--- About this exercise ---
If pictures appear among the lines below, leave them out while you return exactly the lines from the one with "全校朝会 公開日 2024/12/16" through the one with "Table 11.1 Comparison".

--- Excerpted data ---
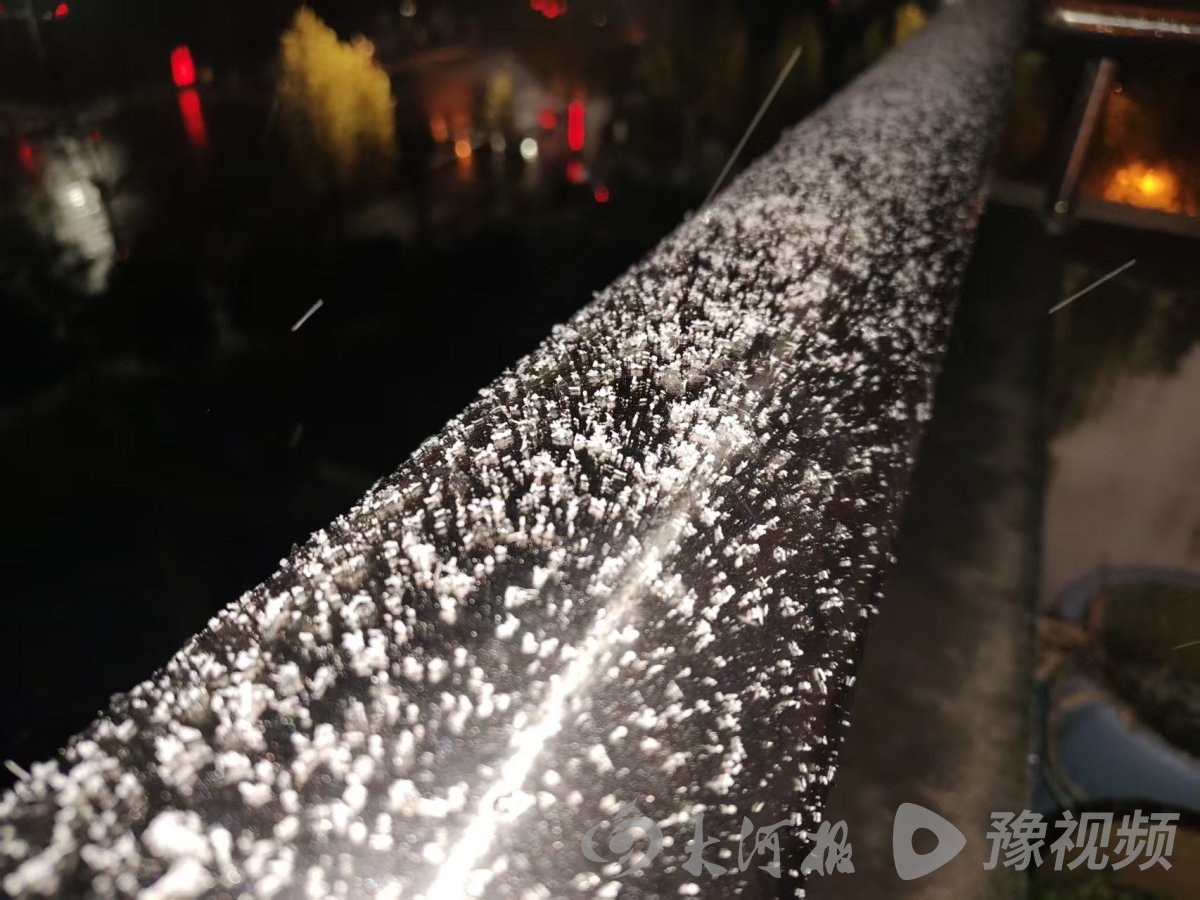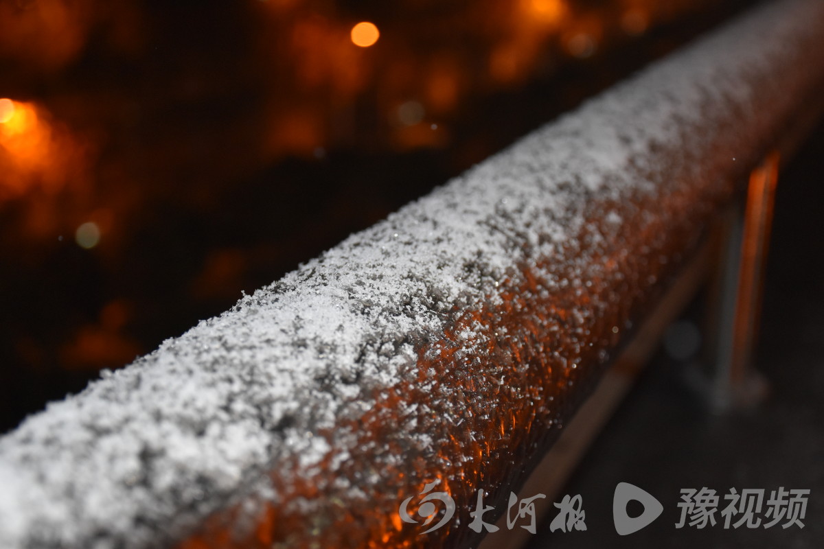 大河报·豫视频记者在周口平安路附近看到,伴着夜晚的城市灯光,雪花的身影清晰地出现在人们视线中。降雪持续一会儿后,已经能看到建筑物或停放的车上,有了一层薄薄的积雪。
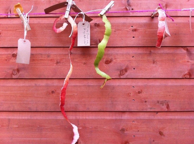 During artist activist Anne-Marie Culhane’s Fruit Routes Harvest Celebration at Loughborough University, Conneally invites visitors to peel an apple, trying to create as long a single piece of peel as they can They then measure the peel in centimetres and find the page number equivalent to the length of peel in a book of collected Wordsworth poems. They count down the number of lines equal to the number of letters in their name, copy it out on a label replacing one word with the word apple and hang the peel and poem up across the gable end of a garden shed.
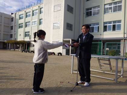 全校朝会 公開日 2024/12/16 更新日 2024/12/16 お知らせ 12月16日(月)2学期最後の全校朝会です。夏休みの自由課題、「防火・防災図画」努力賞をいただき賞状を渡しました。 いいね(0)
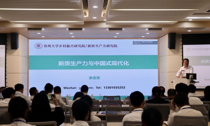 第二项议程是350vip8888新葡的京集团乡村振兴研究院(新质生产力研究院)院长余吉安教授为大家带来了题为“新质生产力与中国式现代化”的主题演讲。余教授围绕四个重要议题进行了深入的观点阐述:新质生产力提出背景;新质生产力的定义和内涵;新质生产力与中国式现代化的关系;以及如何发展新质生产力。通过这次演讲,余教授为我们在更高层次上孕育和发展新质生产力提供了宝贵的理论思考和实践经验的借鉴。
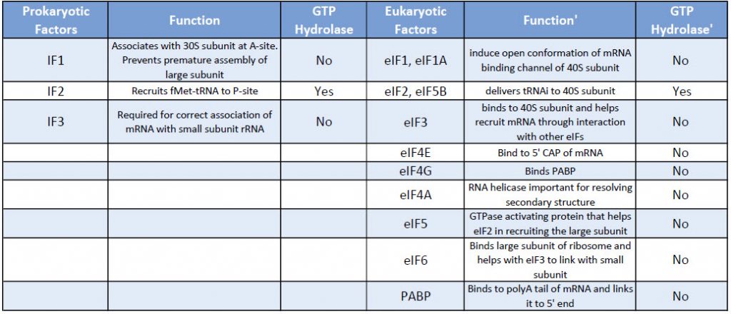 Table 11.1 Comparison of Prokaryotic and Eukaryotic Translation Initiation Factors
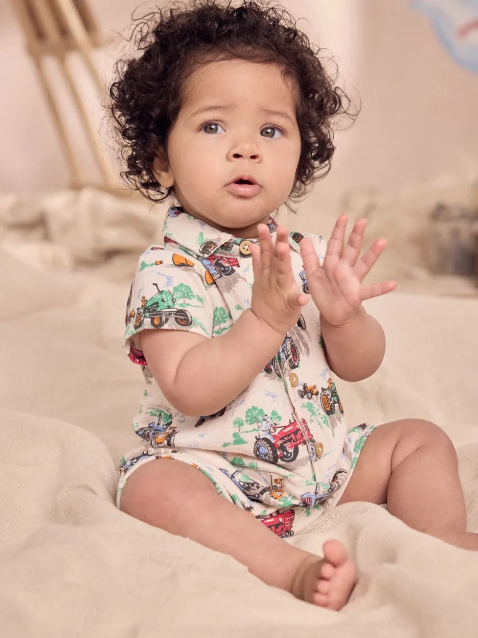 Tracteur écru à col imprimé – Barboteuse Kidston 100% Cotton Cath
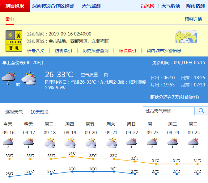见圳客户端·深圳新闻网2019年9月16日讯 深圳市气象台预计,周一我市多云,有短时(雷)阵雨,部分时间雨势稍大,气温26-33℃;周二至周日多云到晴天,天气趋于闷热,午后局地有短时阵雨。
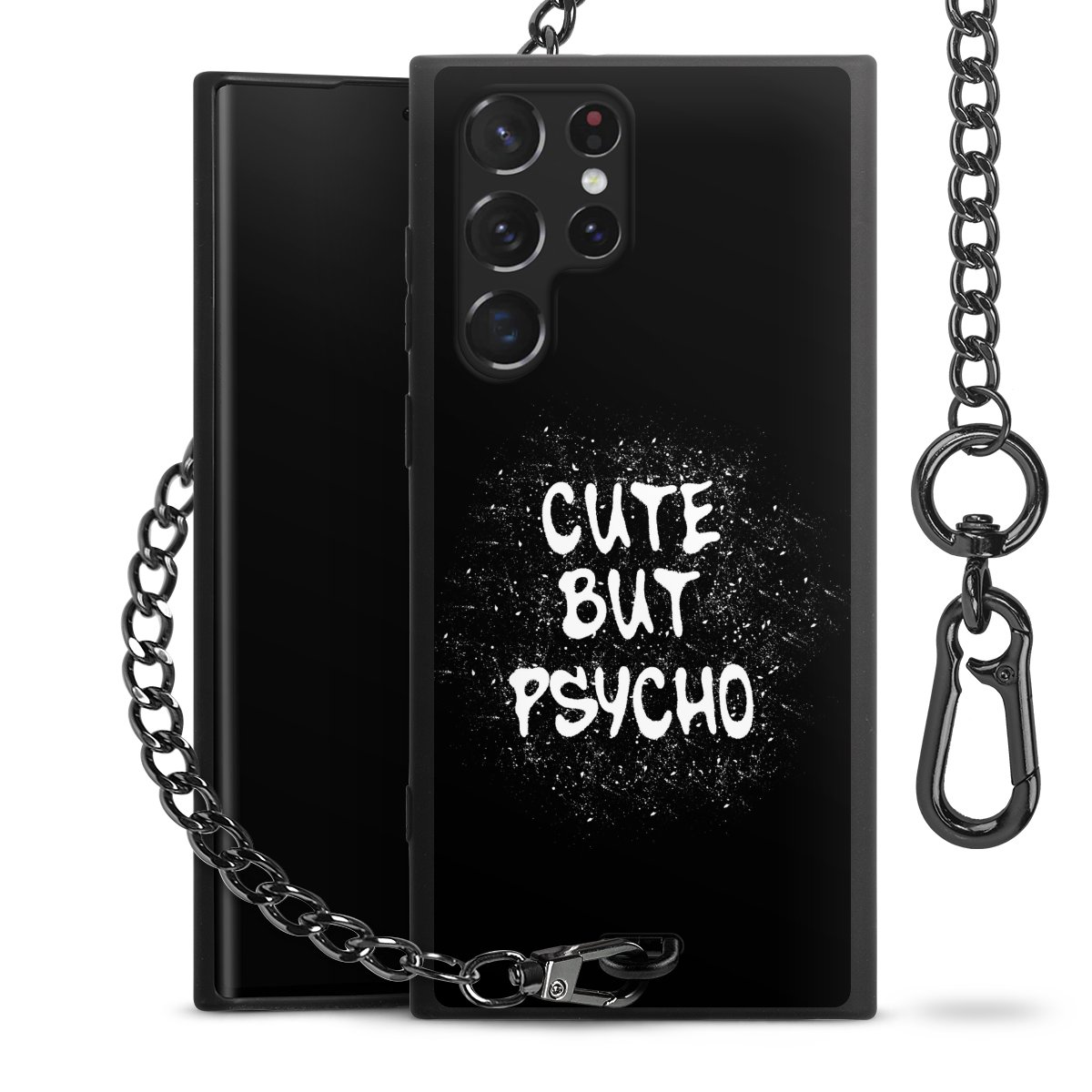 • Mattschwarze Handyhülle mit Metallkette

--- Written response ---
 全校朝会 公開日 2024/12/16 更新日 2024/12/16 お知らせ 12月16日(月)2学期最後の全校朝会です。夏休みの自由課題、「防火・防災図画」努力賞をいただき賞状を渡しました。 いいね(0)
 第二项议程是350vip8888新葡的京集团乡村振兴研究院(新质生产力研究院)院长余吉安教授为大家带来了题为“新质生产力与中国式现代化”的主题演讲。余教授围绕四个重要议题进行了深入的观点阐述:新质生产力提出背景;新质生产力的定义和内涵;新质生产力与中国式现代化的关系;以及如何发展新质生产力。通过这次演讲,余教授为我们在更高层次上孕育和发展新质生产力提供了宝贵的理论思考和实践经验的借鉴。
 Table 11.1 Comparison of Prokaryotic and Eukaryotic Translation Initiation Factors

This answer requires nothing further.